Jeff loved to tell people he broke his foot in three places. he felt so superior to people, even years later, who sprained their wrists, or broke their legs in one place. imagine.
it's like they weren't even trying.
"I was twelve, the next time. it was the first... proper self harm, I suppose. but it didn't feel real."
"what do you mean, not real?"
he didn't even think about it when he was rummaging for the blue-and-grey scissors in the kitchen drawer, twirling them between his fingers as he hopped up the stairs, two at a time. he had googled pictures of appendicitis scars, and drawn in marker where he was going to cut.

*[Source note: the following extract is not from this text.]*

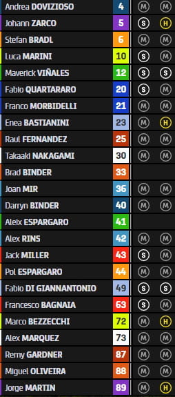 Quartararo, Rins, Aleix Espargaró (Voir ici) |
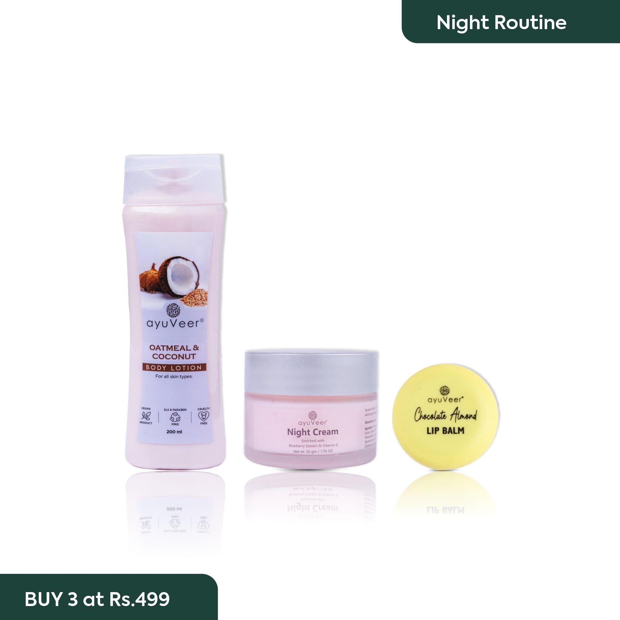 Chocolate Lip Balm: Moisturizes and soothes dry lips with a sweet chocolate scent, keeping them soft and kissable. Oatmeal & Coconut Lotion: Soothes and hydrates skin overnight with the rich blend of oatmeal and coconut, leaving skin supple and nourished. Night Cream: Repairs and restores skin overnight, providing intense hydration for soft, youthful, and radiant skin in the morning. |

he was nervous. he'd never done this before. when he lied about having appendicitis, he truthfully hadn't thought anyone would care enough to follow up.
the scissors are too big, and left handed, and Jeff feels clumsy. does he just... cut? should he cry? change his mind? is this meant to be emotional? all he feels is scared of the pain.
Jeff squeezes his eyes shut, bracing himself for the pain, and quickly drags the knife deep through the flesh of his stomach.
holy crap.
his hand shakes, and he feels himself gripping tighter, the blade giving one last stab before it falls from his grasp. he grits his teeth from the pain, and the scissors clatter, open, onto the floor. he can't help doubling over, hitting his head on the desk in front of him. tears spill down his face, and this probably hurts more than an actual appendicitis does.
once he can straighten up, the pain of the open wound having dulled to that of a stinging punch in the stomach, he inspects it. red covers his hands, and Jeff thinks he can see something that looks like styrofoam deep in the gash, but he isn't sure. the cut stretches open as he sits up, gaping and red. it looks terrifying.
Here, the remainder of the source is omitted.